U.N. says 120,000 Sudanese in Chad, needs more funds
GENEVA, May 14 (Reuters) – The United Nations said on Friday more Sudanese refugees fleeing conflict in Darfur had arrived in Chad and appealed for funds to move them further away from cross-border militia raids.
The U.N. refugee agency said it had already moved 68,000 Sudanese to camps in Chad’s interior, but was racing to resettle the rest before heavy rains turn roads to mud in a few weeks.
It said about 120,000 were now in Chad, up about 10,000 from its previous estimate of Sudanese having fled across the border since February 2003.
They escaped fighting in the western Darfur region, where aid officials say Arab militias, backed by the Sudanese military, have been killing, raping and looting in a region where rebels launched a revolt last year.
Sudan has denied its involvement but several human rights groups have said its army backs the militias. Chad said on Sunday militias had carried out fresh incursions into its territory and warned the Khartoum government to stop such attacks.
“It is vital that we move people quickly away from the border as the border situation is very tense. Refugees are under threat of incursions from the Sudanese side,” Kris Janowski, of the U.N. High Commissioner for Refugees (UNHCR), told reporters.
“An urgent injection of new funds is crucial to keep our programmes running and meet the looming deadline of the onset of heavy rains that will block roads and cut access to the refugees.”
An estimated one million people are displaced within Darfur, the largest humanitarian emergency facing the world, according to the United Nations.

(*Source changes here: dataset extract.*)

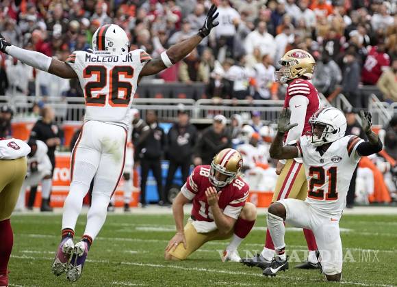 Dustin Hopkins convirtió cuatro goles de campo por los Browns (3-2), el último con 1:40 minutos en el reloj, para coronar una serie ofensiva que recibió una ayuda con una dudosa marcación de una rudeza innecesaria en contra de San Francisco (5-1).
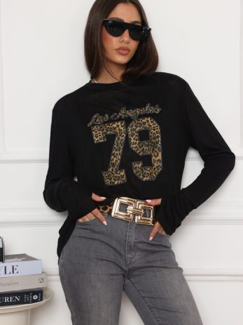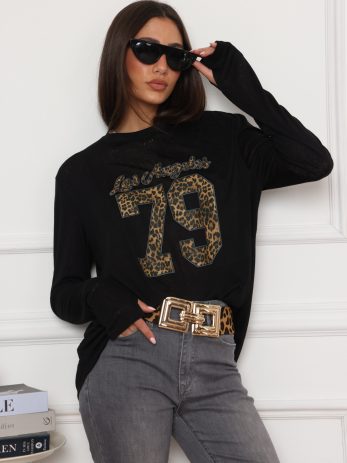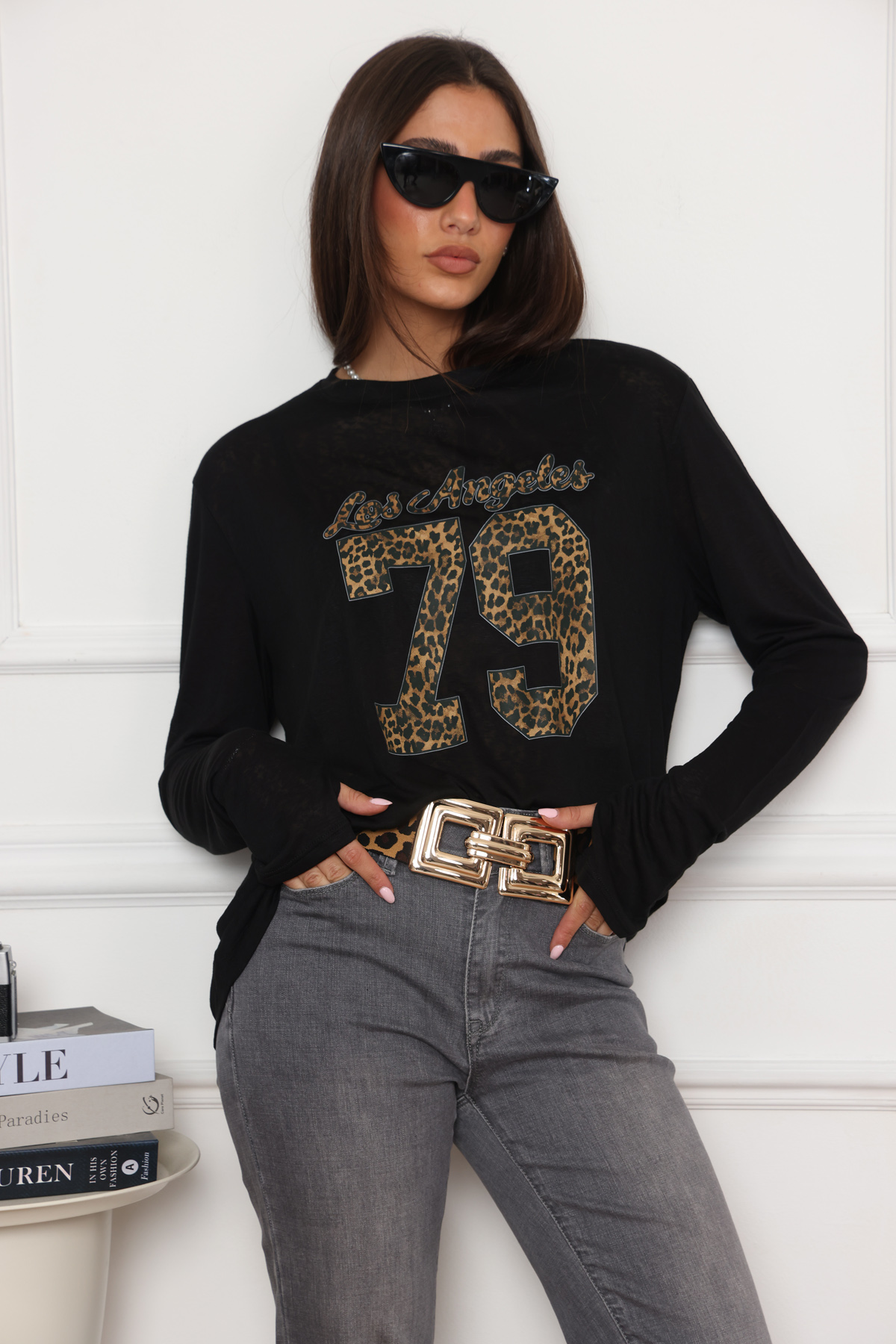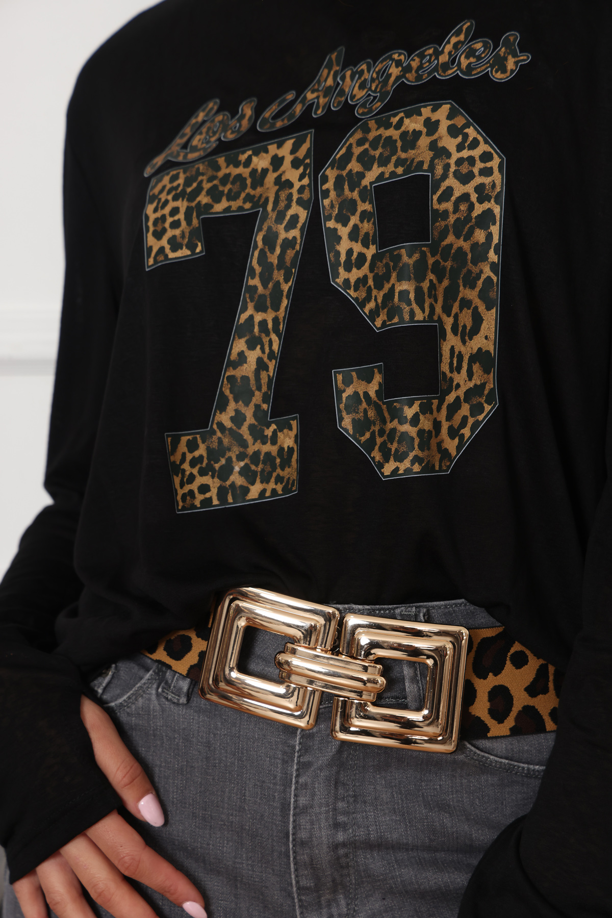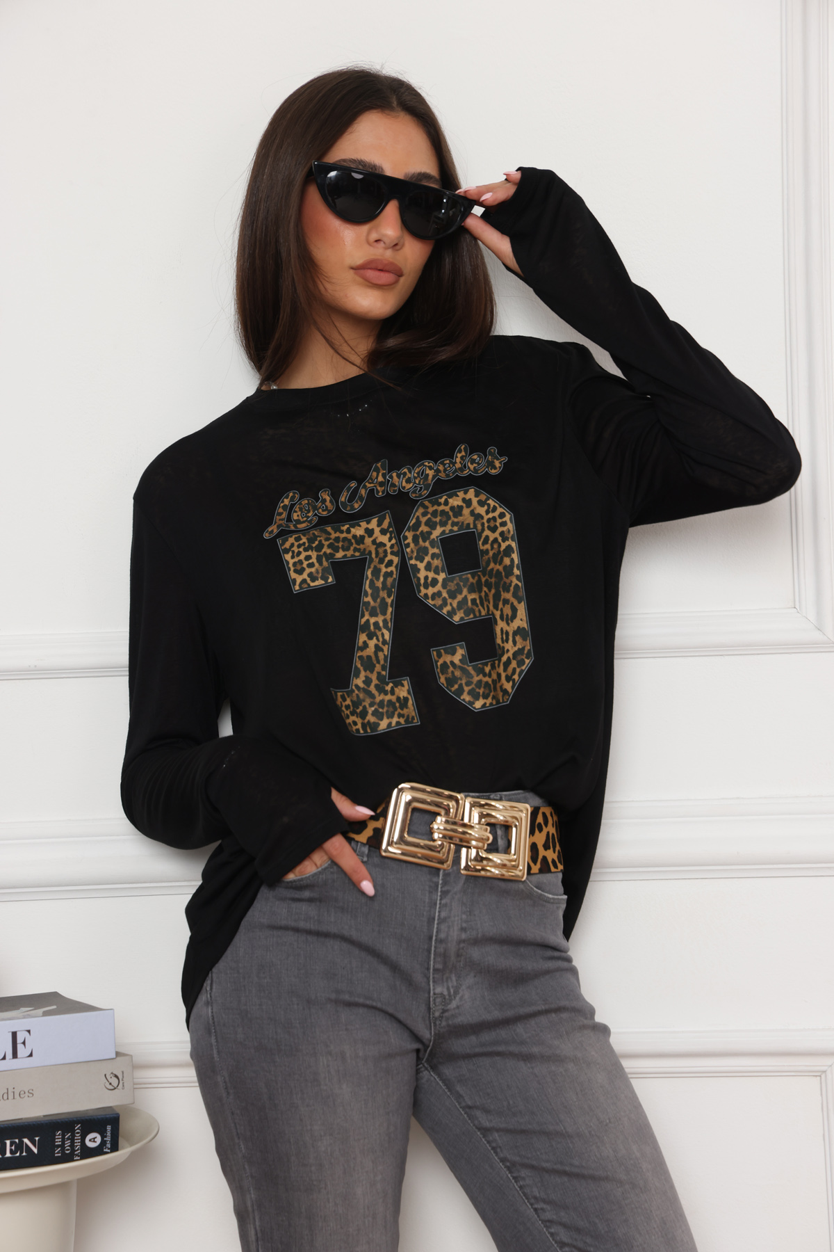 בייסיק ניקי בגזרה הקלאסית והעל זמנית שלנו, עם עיצוב 79 מנומר מקדימה. את החולצה שילבנו עם מכנסי ג'ינס אפור מתרחב – ניתן למצוא בקטגוריית מכנסיים

U.N. High Commissioner for Refugees Ruud Lubbers is expected to discuss Darfur next week with U.S. Secretary of State Colin Powell in Washington, the U.N. spokesman said.
The U.N. refugee agency said it had spent all of the $13 million it had received towards its appeal for $21 million for the Darfur refugees. The United States is the largest donor, having contributed $5 million to its operation this year.